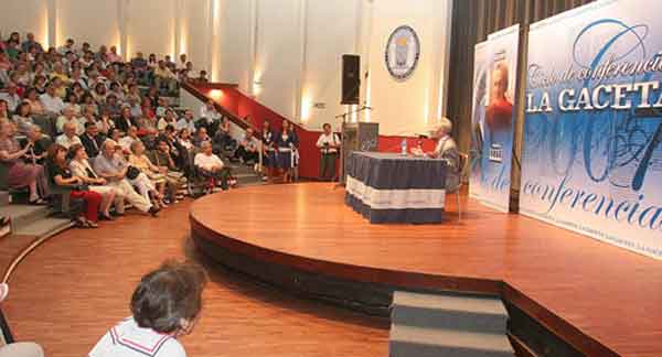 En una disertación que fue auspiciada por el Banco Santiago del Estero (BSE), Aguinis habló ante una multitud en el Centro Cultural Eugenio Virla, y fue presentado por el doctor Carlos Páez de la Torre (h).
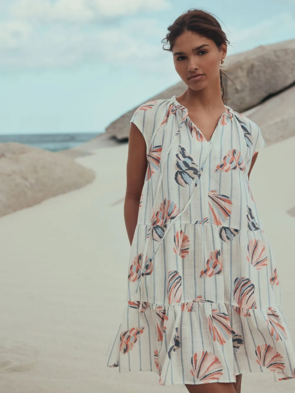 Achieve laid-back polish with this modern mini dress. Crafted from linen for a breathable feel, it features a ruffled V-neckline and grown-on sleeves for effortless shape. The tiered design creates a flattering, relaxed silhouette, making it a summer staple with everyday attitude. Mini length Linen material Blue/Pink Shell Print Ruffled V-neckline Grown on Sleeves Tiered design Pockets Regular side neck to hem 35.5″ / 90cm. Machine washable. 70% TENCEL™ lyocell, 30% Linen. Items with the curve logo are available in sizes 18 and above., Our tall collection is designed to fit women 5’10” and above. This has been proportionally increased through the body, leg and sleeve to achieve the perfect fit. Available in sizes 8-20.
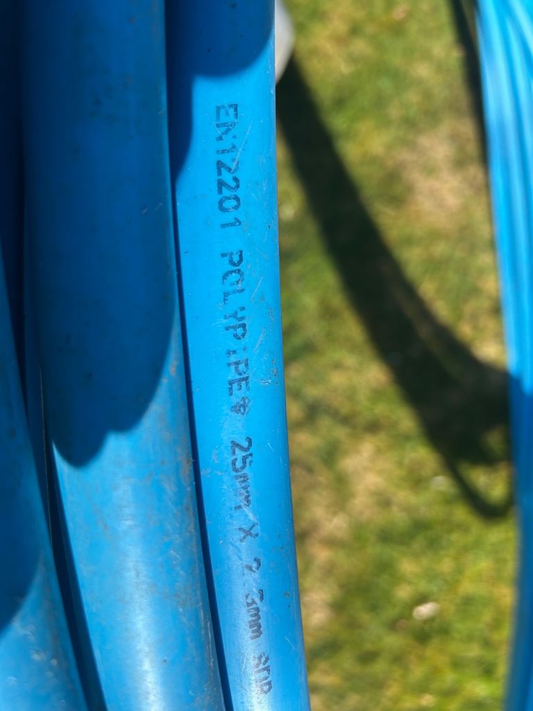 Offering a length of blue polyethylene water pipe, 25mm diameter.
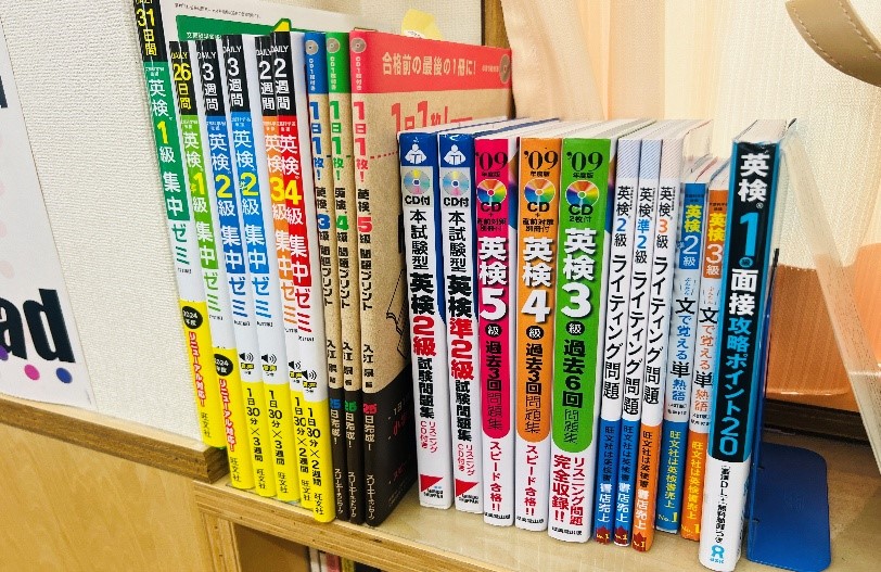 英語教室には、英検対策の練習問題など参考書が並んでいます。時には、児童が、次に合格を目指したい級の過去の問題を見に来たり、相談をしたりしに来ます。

┄┄┄┄┄┄

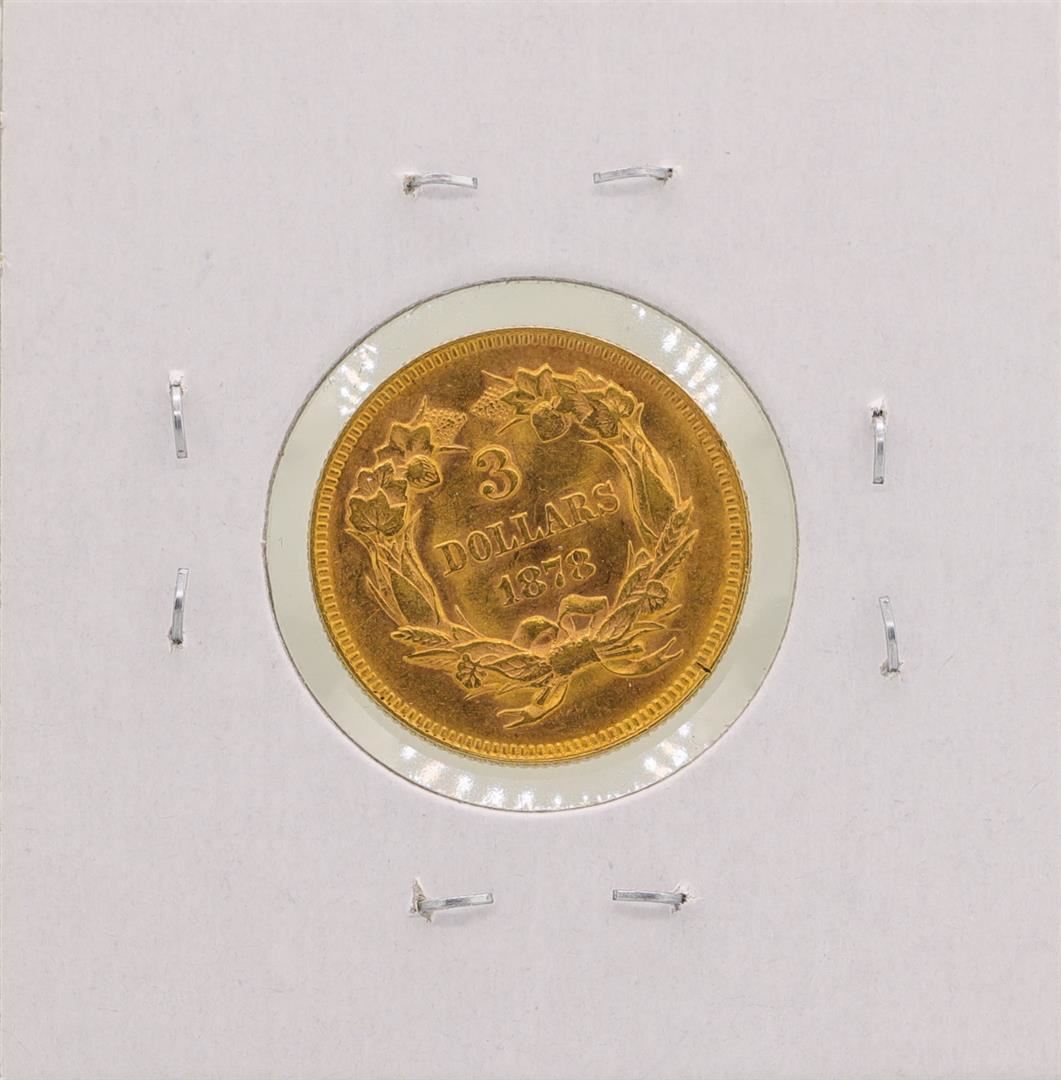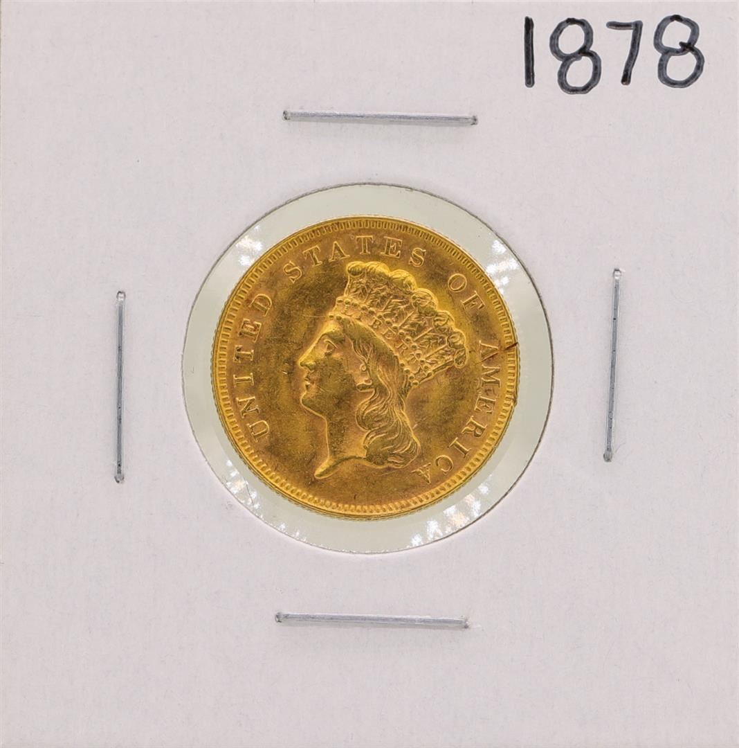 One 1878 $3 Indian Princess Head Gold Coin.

┄┄┄┄┄┄

Above are the records; copy exactly the lines from the one with "Achieve laid-back polish" through the one with "英語教室には、英検対策の練習", including both, and nothing more. Leave out pictures.

## Finished task
 Achieve laid-back polish with this modern mini dress. Crafted from linen for a breathable feel, it features a ruffled V-neckline and grown-on sleeves for effortless shape. The tiered design creates a flattering, relaxed silhouette, making it a summer staple with everyday attitude. Mini length Linen material Blue/Pink Shell Print Ruffled V-neckline Grown on Sleeves Tiered design Pockets Regular side neck to hem 35.5″ / 90cm. Machine washable. 70% TENCEL™ lyocell, 30% Linen. Items with the curve logo are available in sizes 18 and above., Our tall collection is designed to fit women 5’10” and above. This has been proportionally increased through the body, leg and sleeve to achieve the perfect fit. Available in sizes 8-20.
 Offering a length of blue polyethylene water pipe, 25mm diameter.
 英語教室には、英検対策の練習問題など参考書が並んでいます。時には、児童が、次に合格を目指したい級の過去の問題を見に来たり、相談をしたりしに来ます。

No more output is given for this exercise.